次に、マンションの建て替えについて考えてみます。建て替えをすることによって、耐震性や省エネ性能含め、資産価値の向上も見込まれるなどメリットがあります。 ただ、マンションの建替えをおこなうためには、区分所有法第62条にて、区分所有者および議決権の5分の4以上の賛成が必要と定められていますが、この合意形成は容易ではありません。

まず、実際にマンションを取り壊して建て替えるとなると相応の工期がかかります。その間、居住者には仮住まいや引越しの負担がかかりますし、そもそも環境を変えることに対する抵抗もある人もいるでしょう。
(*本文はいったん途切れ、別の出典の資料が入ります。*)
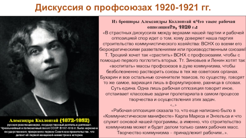 Из брошюры Александры Коллонтай «Что такое рабочая оппозиция?», 1920 г.:

また、建て替えをする資金的な問題があります。建て替え資金が修繕積立金で足りない場合、そのための新たな負担が必要となります。容積率に余裕がある場合であれば、建て替えする新しいマンションの戸数を増やし、分譲するなどの資金調達ができる場合もありますが、物件ごとに事業性も含めて判断する必要があります。 このような事情もあって、5分の4以上の賛成を取り付けるのは非常にハードルが高いのが現状です。今後、高齢世帯の割合が増えていけば、合意形成はさらに難しくなっていくことでしょう。

敷地売却制度

最後に、敷地売却制度についてみてみます。敷地売却制度とは、2014年に改正された「マンションの建替え等の円滑化に関する法律」に基づく制度で、居住者の大多数が売却を望むことで利用できる制度です。議決権および敷地利用権の持ち分価格の5分の4以上、区分所有者の頭数の5分の4以上が賛成すれば、マンションと敷地を売ることができます。ただし、特定行政庁から耐震性が不足していると認定されたマンションが対象です。

都心と地方での違い

老朽化したマンションの建て替えは、主に都心を中心に進められています。2016年までに建て替えられたマンションは311件ありましたが、そのうち地方のマンションは25件しかありません。さらに、25件のうち札幌市が7件、福岡市が5件など、大都市に集中しており、中小都市ではほぼ建て替えがおこなわれていないのです。 なぜ、地方での建て替えが進んでいないのでしょうか。

地方で建て替えが進んでいない理由

まず考えられる理由としては、地方では都心部以上に人口減少や高齢化が進んでいるため、住宅の購買需要自体が少ないことが考えられます。都心部であれば、敷地売却や高層化、大規模化によって新たな部屋を作り、その売却利益で建て替えや修繕の費用を捻出することができることもありますが、地方では新たなマンションを購入する人の数が少なく、建築費がそのまま居住者負担となってしまうパターンが多いのです。

また、そもそも地方ではマンションの販売価格が低いというのも理由に挙げられるでしょう。そのため、建て替えをして新たな部屋を作っても、建て替え費用を補うのに十分な販売価格で売れないのではないかという不安から、建て替えを望まない居住者も少なくないのです。